# Work order
Retype, word for word, every line from the one holding "BRAUBERG Adhesive packing" through the one holding "参道には見上げるような高さの" in the entries below, both included, and only those lines.

# Excerpted data
*** Block opens ***
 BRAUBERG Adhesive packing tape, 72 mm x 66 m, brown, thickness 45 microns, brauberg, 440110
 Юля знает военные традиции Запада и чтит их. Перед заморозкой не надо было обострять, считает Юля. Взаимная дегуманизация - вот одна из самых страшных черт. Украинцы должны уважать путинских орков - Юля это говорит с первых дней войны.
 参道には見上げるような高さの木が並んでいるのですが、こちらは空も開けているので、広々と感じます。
*** Block closes ***
*** Block opens ***
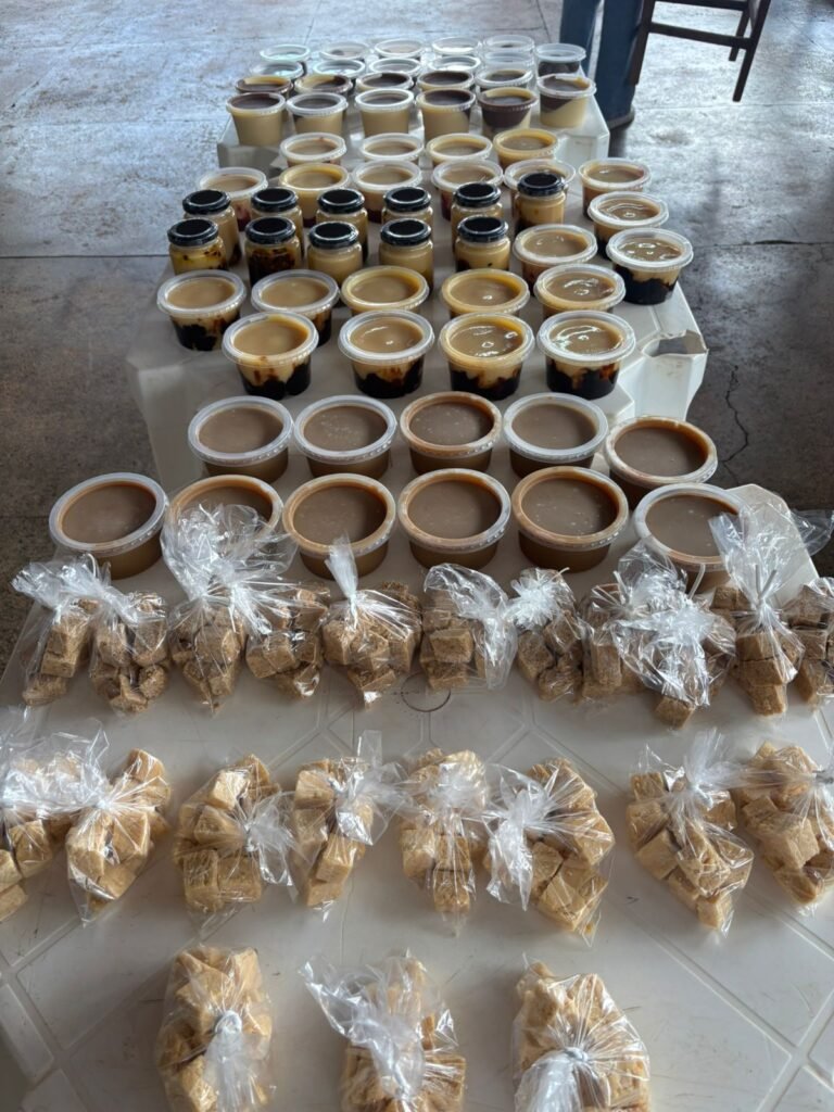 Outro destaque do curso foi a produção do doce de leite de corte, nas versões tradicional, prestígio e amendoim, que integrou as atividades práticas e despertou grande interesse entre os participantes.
*** Block closes ***
*** Block opens ***
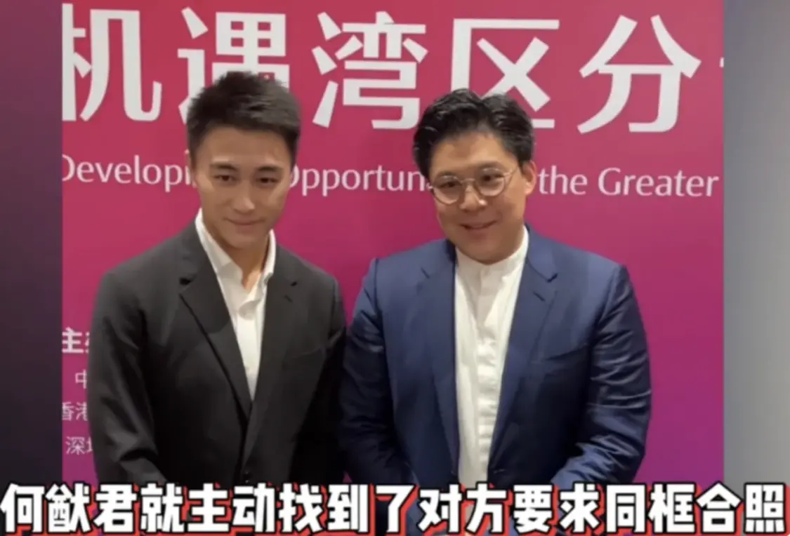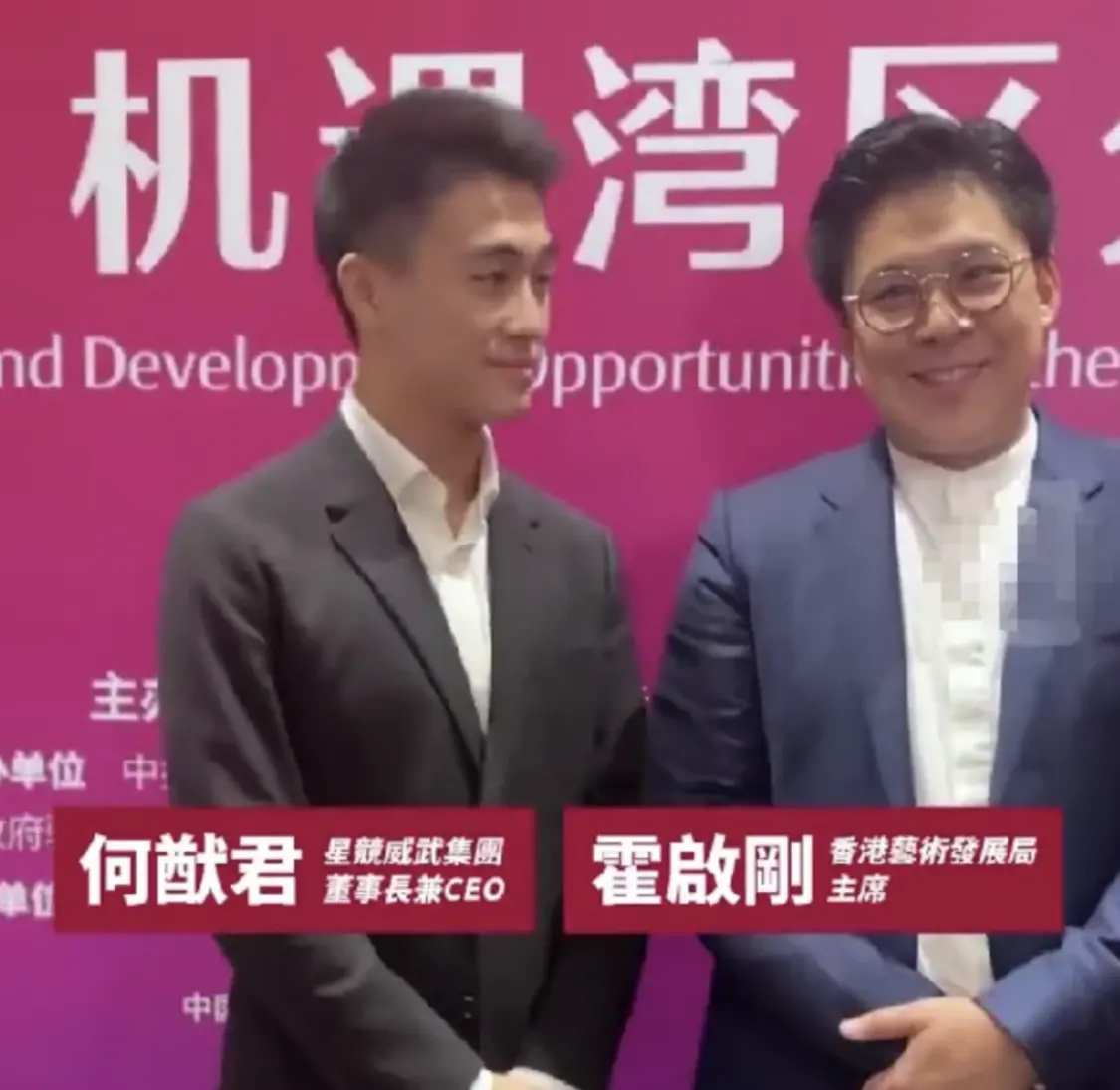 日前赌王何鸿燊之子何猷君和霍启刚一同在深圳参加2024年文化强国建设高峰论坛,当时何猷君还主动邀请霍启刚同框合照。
*** Block closes ***
# Output of the exercise
 BRAUBERG Adhesive packing tape, 72 mm x 66 m, brown, thickness 45 microns, brauberg, 440110
 Юля знает военные традиции Запада и чтит их. Перед заморозкой не надо было обострять, считает Юля. Взаимная дегуманизация - вот одна из самых страшных черт. Украинцы должны уважать путинских орков - Юля это говорит с первых дней войны.
 参道には見上げるような高さの木が並んでいるのですが、こちらは空も開けているので、広々と感じます。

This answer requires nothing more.